SOURCE INFORMATION:
___

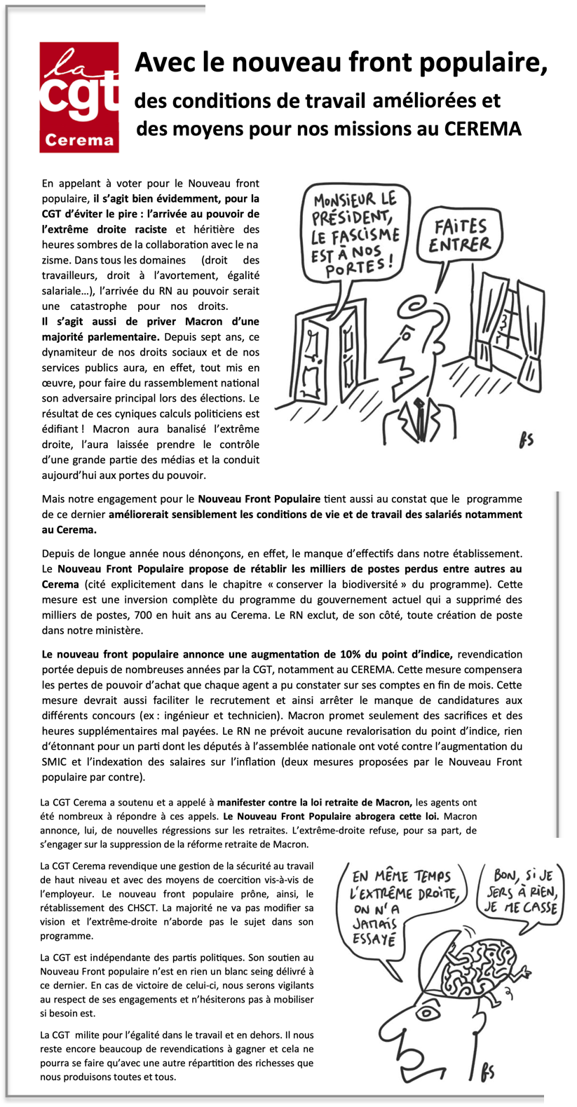 Vous trouverez ci-joint le tract réalisé par la CGT Cerema « Avec le nouveau front populaire, des conditions de travail améliorées et des moyens pour nos missions au CEREMA ».
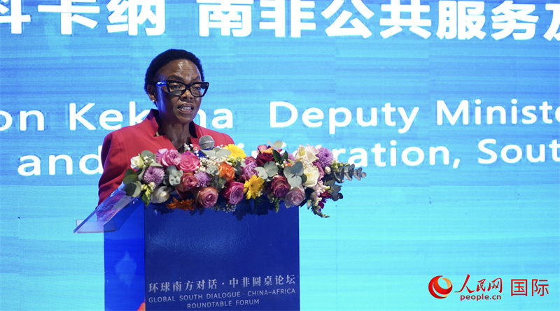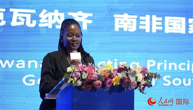 南非公共服務及管理部副部長平基·莎倫·科卡納發(fā)表主旨發(fā)言。 人民網 劉暢攝
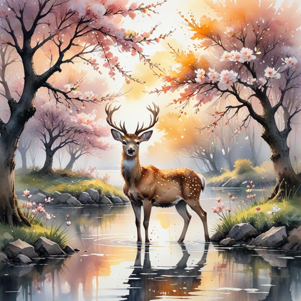 This image shows a gentle deer beside a pond reflecting a golden sunset, with soft mist. It features a stylized watercolor aesthetic inspired by expressive, ethereal, and cinematic art.
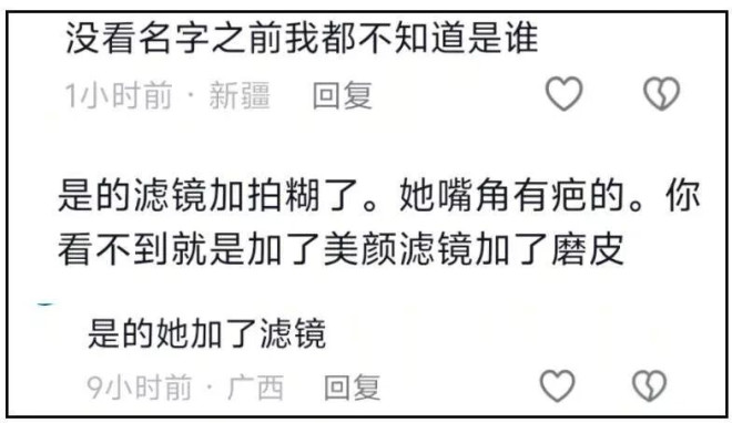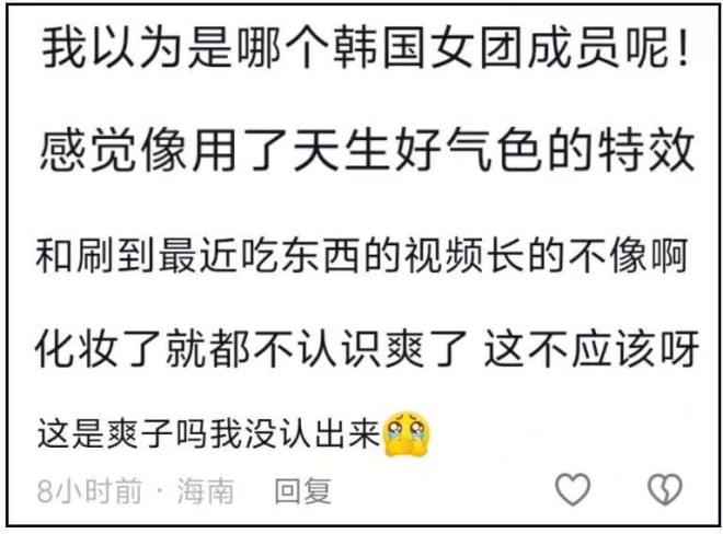 其实认不出来很正常,不知道是不是之前的吃播被吐槽太厉害了,郑爽似乎又开始容貌焦虑了,不仅不再更新素颜动态,新动态都还化了妆,美颜滤镜都加了好几层,特效和后期一整个拉满,脸都有点变形了,迎面而来的网红感都快挡不住了,还有一股子韩国女团爱豆的味。
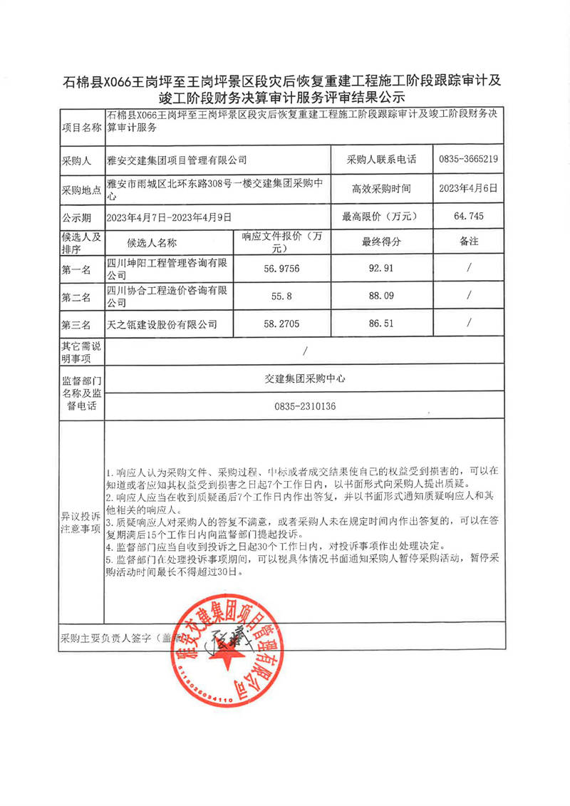 雅安交建集團(tuán)項(xiàng)目管理有限公司石棉縣X066王崗坪至王崗坪景區(qū)段災(zāi)后恢復(fù)重建工程施工階段跟蹤審計及竣工階段財務(wù)決算審計服務(wù)評審結(jié)果公示
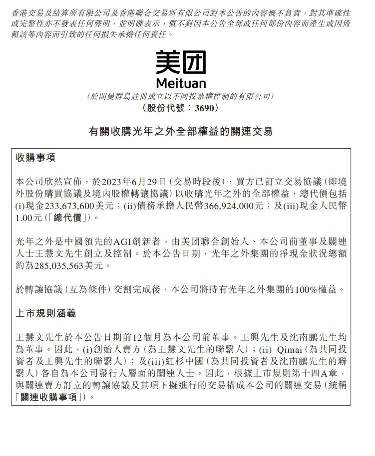 6月29日,美團在香港聯交所發布公告,稱已完成北京光年之外科技有限公司境內外主體100%股權的收購,收購價約為20.65億人民幣。
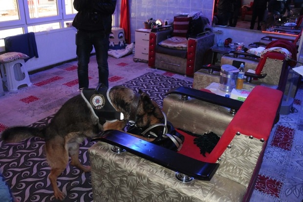 Narkotik köpeği ‘Alex’ ve bomba arama köpeği ‘Timsah’ın da katıldığı operasyonda genelevdeki odalarda uyuşturucu ve patlayıcı araması da yapıldı.
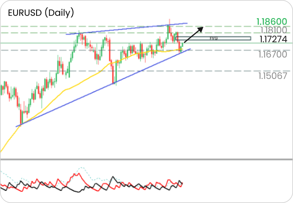 EURUSD has formed a rising wedge and bounced off the lower trend line and the MA50. +DI remains above -DI, with an imbalance visible at the top.
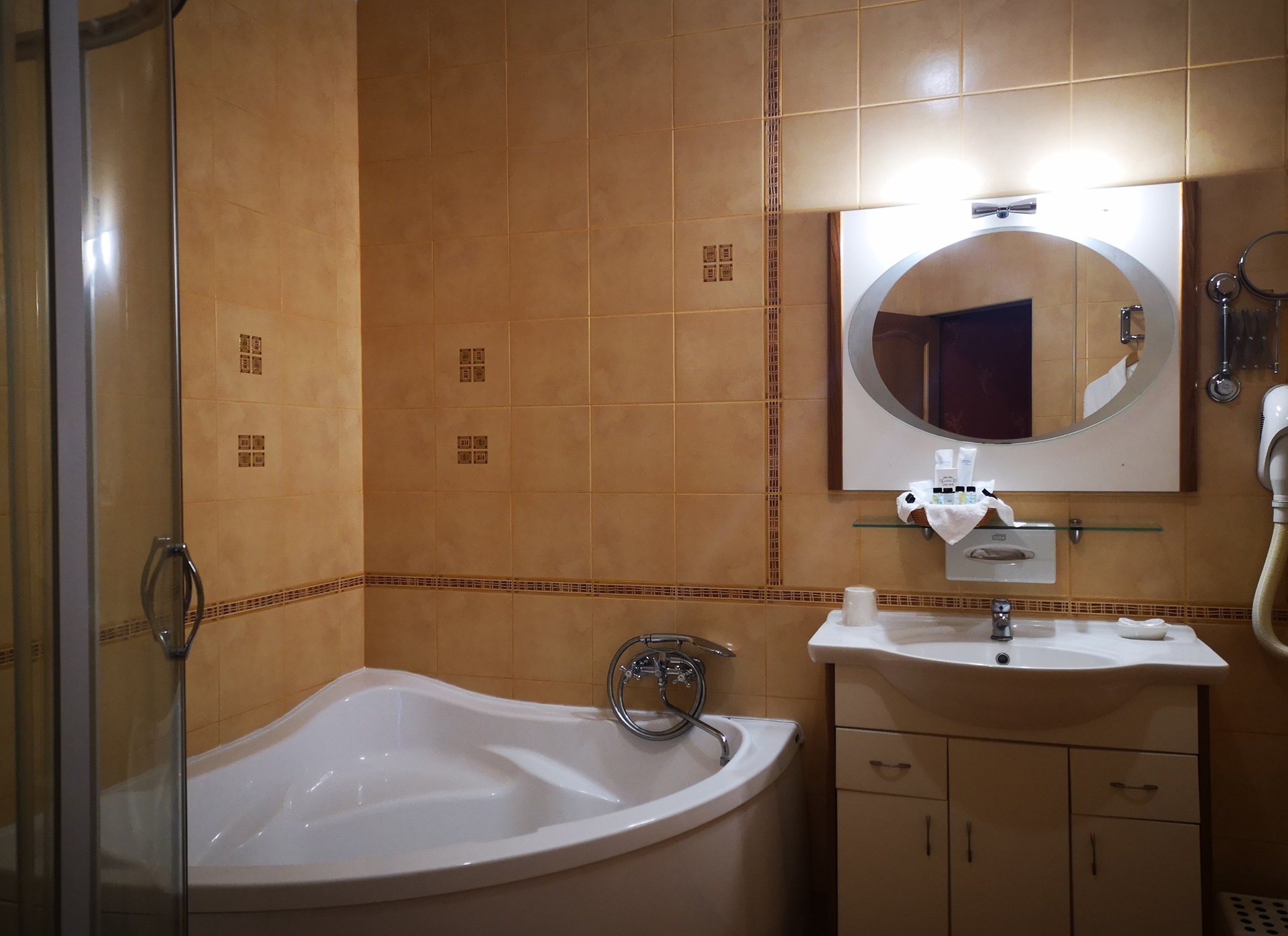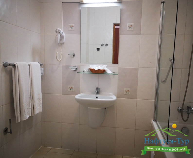 с душем, туалетные принадлежности, фен
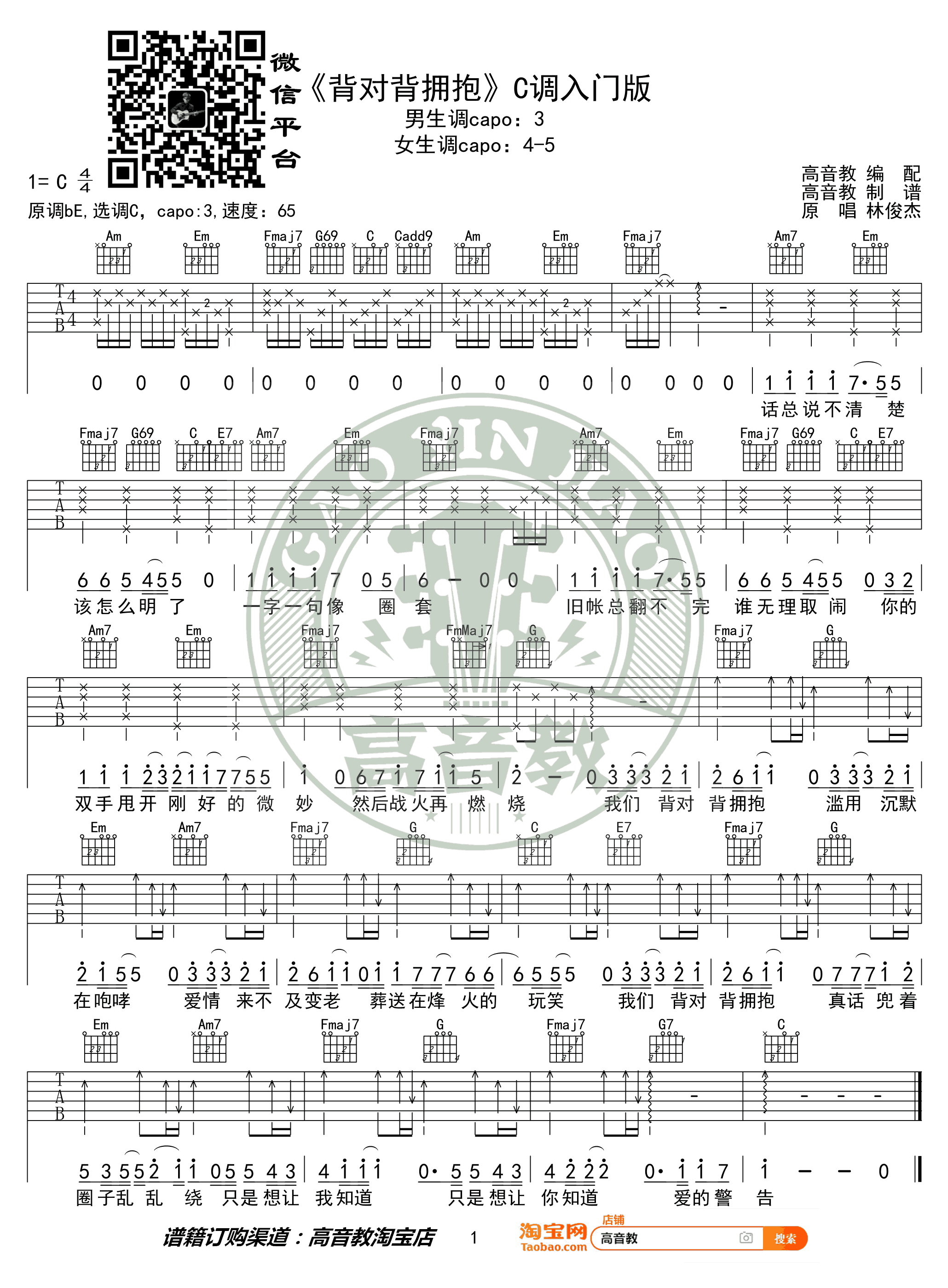- 背对背拥抱吉他谱 林俊杰 C调和弦弹唱谱
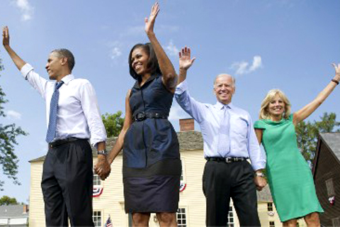 Ông Obama và Phó tổng thống Joe Biden và các phu nhân vẫy chào người dân. Trước cuộc tranh luận trên truyền hình vừa rồi, ông Obama đang dẫn trước ông Romney về điểm ủng hộ trong các cuộc thăm dò.
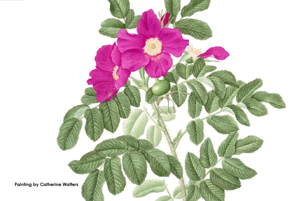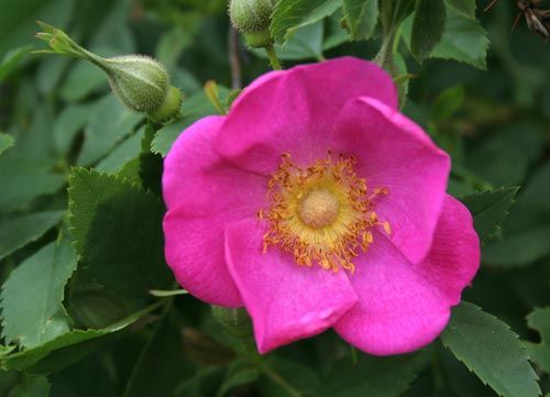 Rosa rugosa is a suckering shrub which develops new plants from the roots and forms dense thickets 1–1.50 m tall with stems densely covered in numerous short, straight prickles 3–10 mm long. The leaves are 8–15 cm long, pinnate with 5–9 leaflets, most often 7, each leaflet 3–4 cm long, with a distinctly corrugated (rugose, hence the species' name) surface. The flowers are pleasantly scented, dark pink to white, 6–9 cm across, with somewhat wrinkled petals; flowering occurs in spring.[1]

___

WHAT THE TASK REQUIRES: Of the entries above, print exactly those lines that run from the one containing "6月29日,美團在香港聯交所" through the last line, excluding any pictures.

SOLUTION TO THE PROBLEM:
 6月29日,美團在香港聯交所發布公告,稱已完成北京光年之外科技有限公司境內外主體100%股權的收購,收購價約為20.65億人民幣。
 Narkotik köpeği ‘Alex’ ve bomba arama köpeği ‘Timsah’ın da katıldığı operasyonda genelevdeki odalarda uyuşturucu ve patlayıcı araması da yapıldı.
 EURUSD has formed a rising wedge and bounced off the lower trend line and the MA50. +DI remains above -DI, with an imbalance visible at the top.
 с душем, туалетные принадлежности, фен
- 背对背拥抱吉他谱 林俊杰 C调和弦弹唱谱
 Ông Obama và Phó tổng thống Joe Biden và các phu nhân vẫy chào người dân. Trước cuộc tranh luận trên truyền hình vừa rồi, ông Obama đang dẫn trước ông Romney về điểm ủng hộ trong các cuộc thăm dò.
 Rosa rugosa is a suckering shrub which develops new plants from the roots and forms dense thickets 1–1.50 m tall with stems densely covered in numerous short, straight prickles 3–10 mm long. The leaves are 8–15 cm long, pinnate with 5–9 leaflets, most often 7, each leaflet 3–4 cm long, with a distinctly corrugated (rugose, hence the species' name) surface. The flowers are pleasantly scented, dark pink to white, 6–9 cm across, with somewhat wrinkled petals; flowering occurs in spring.[1]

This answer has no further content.